216.402  Application of predetermined, formula-type incentives.

 

216.402-2  Technical performance incentives.

See PGI 216.402-2 (Pop-up Window or PGI Viewer Mode) for guidance on establishing performance incentives.

 

216.403  Fixed-price incentive contracts.

 

216.403-2  Fixed-price incentive (successive targets) contracts.

See PGI 216.403-2 (Pop-up Window or PGI Viewer Mode) for guidance on the use of fixed-price incentive (successive targets) contracts.

 

216.405  Cost-reimbursement incentive contracts.

 

216.405-1  Cost-plus-incentive-fee contracts.

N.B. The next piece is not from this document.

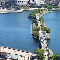 멀리보이는 오삼바시 국제 여객터미널, 마치 큰 배와 같은 모습으로 바다위에 두둥실 떠 있습니다.

See PGI 216.405-1 (Pop-up Window or PGI Viewer Mode) for guidance on the use of cost-plus-incentive-fee contracts.

 

216.405-2  Cost-plus-award-fee contracts.

 

      (b)  Application.  The cost-plus-award-fee (CPAF) contract may include provisional award fee payments.  A provisional award fee payment is a payment made within an evaluation period prior to a final evaluation for that period.  The contracting officer may include provisional award fee payments in a CPAF contract on a case-by-case basis, provided those payments—

 

              (i)  Are made no more frequently than monthly;

 

              (ii)  Are limited to no more than—

 

                    (A)   For the initial award fee evaluation period, 50 percent of the award fee available for that period; and

 

                    (B)   For subsequent award fee evaluation periods, 80 percent of the evaluation score for the prior evaluation period times the award fee available for the current period, e.g., if the contractor received 90 percent of the award fee available for the prior evaluation period, provisional payments for the current period shall not exceed 72 percent (90 percent x 80 percent) of the award fee available for the current period;

 

              (iii)  Are superseded by an interim or final award fee evaluation for the applicable evaluation period.  If provisional payments have exceeded the payment determined by the evaluation score for the applicable period, the contracting officer shall collect the debt in accordance with FAR 32.606; and

 

              (iv)  May be discontinued, or reduced in such amounts deemed appropriate by the contracting officer, when the contracting officer determines that the contractor will not achieve a level of performance commensurate with the provisional payment.  The contracting officer shall notify the contractor in writing of any discontinuance or reduction in provisional award fee payments.

 

      (c)  Limitations. 

 

              (i)  The CPAF contract shall not be used—

             

                    (A)  To avoid—

 

                            (1)  Establishing cost-plus-fixed-fee contracts when the criteria for cost-plus-fixed-fee contracts apply; or

 

                            (2)  Developing objective targets so a cost-plus-incentive-fee contract can be used; or

 

                     (B)  For either engineering development or operational system development acquisitions that have specifications suitable for simultaneous research and development and production, except a CPAF contract may be used for individual engineering development or operational system development acquisitions ancillary to the development of a major weapon system or equipment, where—

 

                           (1)   It is more advantageous; and

 

                           (2)   The purpose of the acquisition is clearly to determine or solve specific problems associated with the major weapon system or equipment.

 

              (ii)  Do not apply the weighted guidelines method to CPAF contracts for either the base (fixed) fee or the award fee.

 

              (iii)  The base fee shall not exceed three percent of the estimated cost of the contract exclusive of the fee.

 

      (S-70)  See PGI 216.405-2 (Pop-up Window or PGI Viewer Mode) for guidance on the use of CPAF contracts.

 

216.470  Other applications of award fees.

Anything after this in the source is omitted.